タイトル_なんようの匠たち
file:3 【杵屋本店社長】菅野高志さん
file:3 【杵屋本店社長】菅野高志さん
南陽市宮内地区は「日本三大熊野」のひとつとして名高い熊野大社で知られ、古くより参詣に訪れる人々で賑わった地区です。そんな歴史ある宮内地区を発祥とする、創業二百年にわたって菓子製造を手がける「杵屋本店」。
県内産の原材料を積極的に導入し、添加物を極力廃する製法にこだわった姿勢は広く支持を集め、山形県、ひいては南陽を代表する和洋菓子として人気を博しています。そんな「杵屋本店」の社長、菅野高志さんをご紹介します。
注:菅は4画くさかんむり(艸部)の菅
ルーツは“熊野詣で”──杵屋本店さんは創業二百年とお聞きしましたが?

「もともとは “東北のお伊勢様”と呼ばれる熊野大社の参拝客の手土産にと、文化八年にお菓子を売り出したのが始まりです。その後、明治、大正、昭和と経て、戦後の混乱期には原材料の砂糖が入手し難いという事情もあって、山形市に店舗を構えたんですよ」
 それから半世紀以上、今では県内に二十店舗を構え、全国展開も活発におこなっている「杵屋本店」。
 その発展の秘訣、そしてその根底にある志をお伺いした。
大正6年当時の「杵屋本店」
今も同じ場所に居を構える「杵屋本店」1号店

 

皆の喜ぶ顔を求めて──時代と共に斬新な商品を開発されていますが、やはり家柄ですか?

「代々、新しもの好きなんですよ。戦後間もない時期にシュークリームやクリスマスケーキなど、当時としてはモダンな商品を販売したり、父の趣味がオーディオだったのもあって無料のステレオコンサートを開いたり。すべて、お客様に喜んでもらおうという気持ちの延長です」
 新商品を開発する際にも様々な試行錯誤を繰り返し、隠し味を盛り込んでいるんですと管野社長は言う。
 飾らないもてなしの心、細やかな気配りが、いかにも南陽の人らしいと感じた瞬間だった。
この夏からリニューアルした手提げ袋を見せてくれた菅野社長は生き生きとして見えた。
「秘伝豆」の生クリームをマシュマロに包んだ、アイディアが光るお菓子「雪まろ」。

 

宮内の魂、菓子に宿る──新しい商品開発を進める中でも、大切にしている部分などはありますか?

「やはり“熊野詣でにいらした方に喜ばれるお土産を提供したい”という宮内での創業当時の精神を忘れない事ですね。

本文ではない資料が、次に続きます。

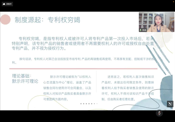 谢老师主要从数字环境下著作权默示许可制度的基本概述、域外考察、现状检视以及应然安排四个方面展开论述。第一部分,谢老师介绍了著作权默示许可的基本概念;总结了民法领域的默示行为、合同法领域的默示条款、知识产权法领域的默示许可以及著作权法中的默示许可在数字环境下对合同关系的超越,并以此来阐述著作权默示许可制度的发展和演变;还对知识产权法领域的默示许可制度分别从制度源起(专利权穷竭)、显性制度(发行权一次用尽)以及隐形制度(作为合同条款的补充)作了进一步解释。谢老师从当前困境和现实需求两个角度出发,概括分析了数字环境下著作权默示许可制度面临的新形势。在第二部分,谢老师总结提炼了英美法系和大陆法系关于著作权默示许可制度的发展演进,并以Field与Google案、Google图书馆案两个典型案例论述了美国数字环境下著作权默示许可制度的初次实践和再次探索。第三部分中谢老师详细介绍了我国著作权默示许可制度的立法现状、司法实践以及制度建设在宏观、中观、微观层面的不足。第四部分,谢老师提出数字环境下我国著作权默示许可制度的应然安排,即明确数字环境下著作权默示许可制度的构成要件、界定数字环境下著作权默示许可制度的具体范围以及构建数字环境下著作权默示许可制度的配套措施。
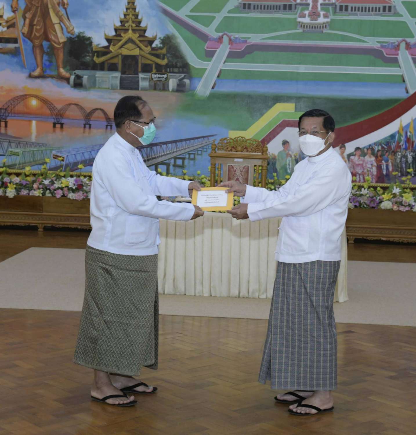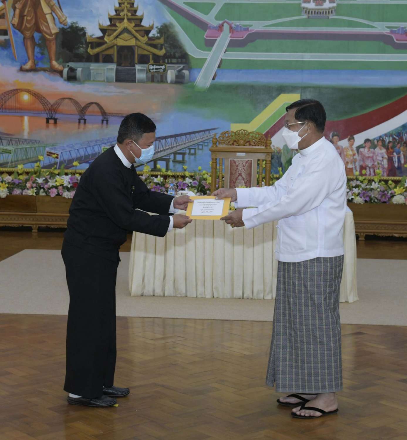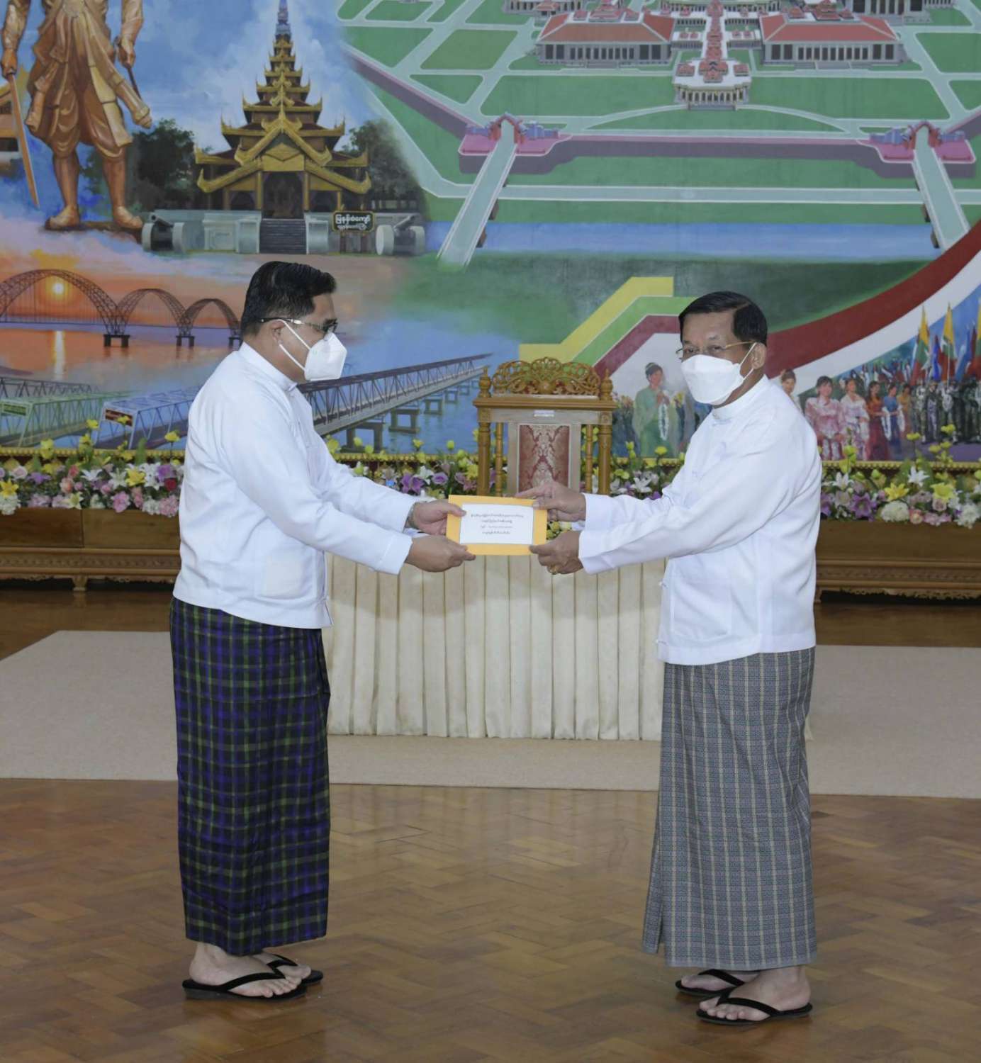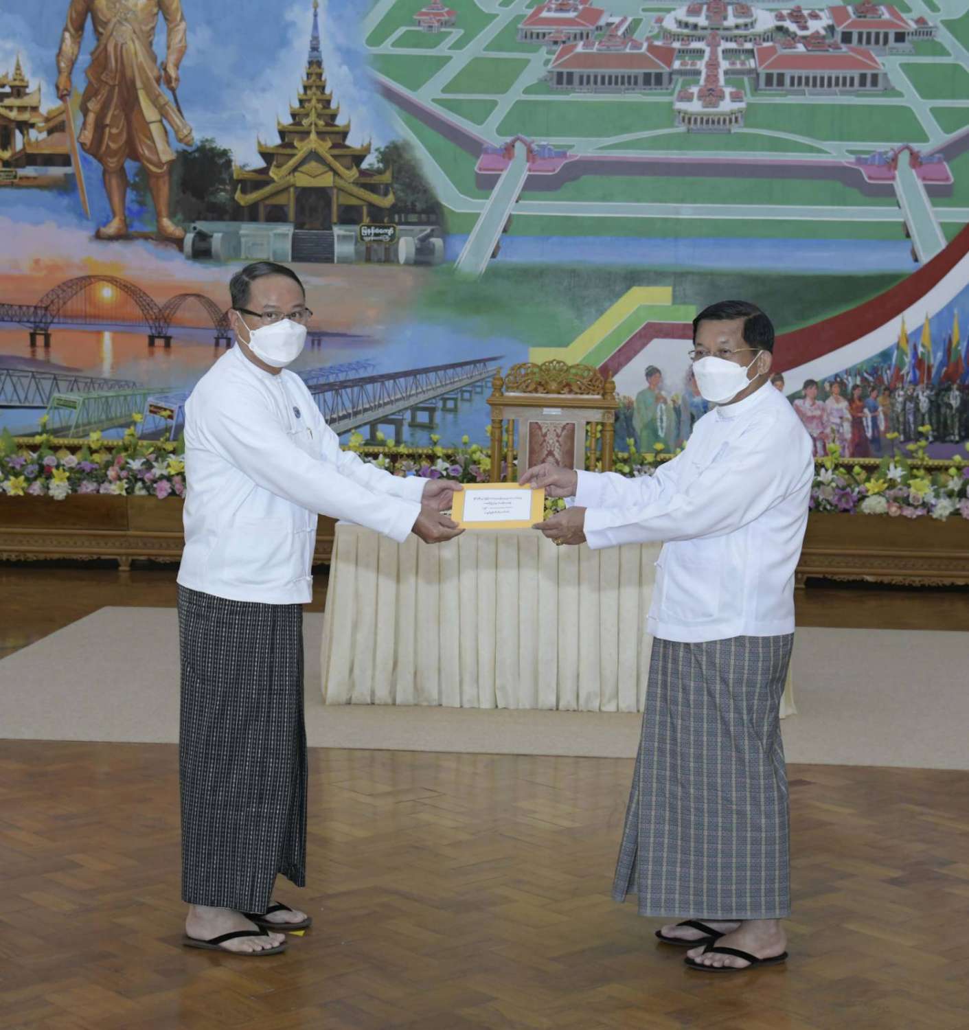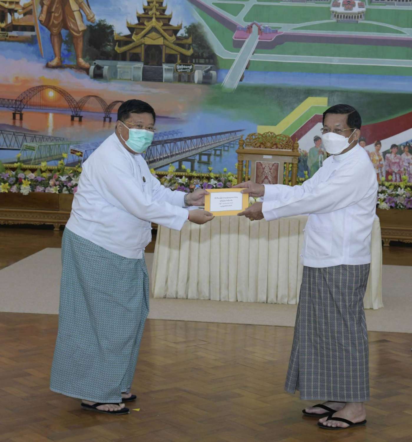 ထို့နောက် နိုင်ငံတော်စီမံအုပ်ချုပ်ရေးကောင်စီဥက္ကဋ္ဌ နိုင်ငံတော်ဝန်ကြီးချုပ်က နိုင်ငံ့စီးပွား မြှင့်တင်ရေး ရန်ပုံငွေမှ ထောက်ပံ့ငွေကို ပေးအပ်ရာ စိုက်ပျိုးရေး၊ မွေးမြူရေးနှင့် ဆည်မြောင်း ဝန်ကြီးဌာန ပြည်ထောင်စုဦးတင်ထွဋ်ဦး၊ သမဝါယမနှင့် ကျေးလက်ဖွံ့ဖြိုးရေးဝန်ကြီးဌာန ပြည်ထောင်စုဝန်ကြီး ဦးလှမိုး၊ ကချင်ပြည်နယ်၊ ကယား ပြည်နယ်၊ ကရင်ပြည်နယ်၊ ချင်းပြည်နယ်၊ တနင်္သာရီတိုင်းဒေသကြီး၊ မွန်ပြည်နယ်၊ ရခိုင်ပြည်နယ်၊ ရှမ်းပြည်နယ် အစိုးရအဖွဲ့တို့မှ ဝန်ကြီးချုပ်များ၊ နာဂ၊ ဓနု၊ ပအိုဝ့်၊ ပလောင်၊ ကိုးကန့် ကိုယ်ပိုင် အုပ်ချုပ်ခွင့်ရဒေသတို့နှင့် “ဝ” ကိုယ်ပိုင်အုပ်ချုပ်ခွင့်ရတိုင်း စီမံအုပ်ချုပ်ရေး အဖွဲ့တို့မှ ဥက္ကဋ္ဌများက အသီးသီး လက်ခံရယူကြသည်။

昔は今と違って、一生の間に何度も足を運べるものではなかったそうですから。そんな旅の思い出に残る品を作りたい。その心構えは今も変わっていないつもりです」
 現在は、契約を結んでいるブルーベリー農園の摘み取りを社員が手伝ったり、地元の酒蔵から買い取った酒粕を用いて酒饅頭を開発するなど、ユニークさの中にもしっかりとした地域へのまなざしが見える「地産地消」を徹底している「杵屋本店」。

 熊野大社を訪れる参詣客との「一期一会」を大切にしてきた、その思い。時を経て今なお息づく「宮内の誇り」を菓子に込めるその姿勢こそ、まさしく南陽の匠と呼ぶにふさわしい姿だと改めて実感しつつ、上山市の本社をあとにした。
オリジナリティ溢れる商品が並ぶ
明るい店内(写真は2号店)
ブルーベリーを摘み終えて、社員皆で記念の一枚。

 

 

 

菅野 高志(かんの たかし)

南陽市宮内出身
株式会社 杵屋本店 代表取締役社長
山形県洋菓子協会 会長

創業二百年を迎える和菓子の老舗
「杵屋本店」の社長として県内二十店舗はもとより、
全国的な展開も精力的におこなっている。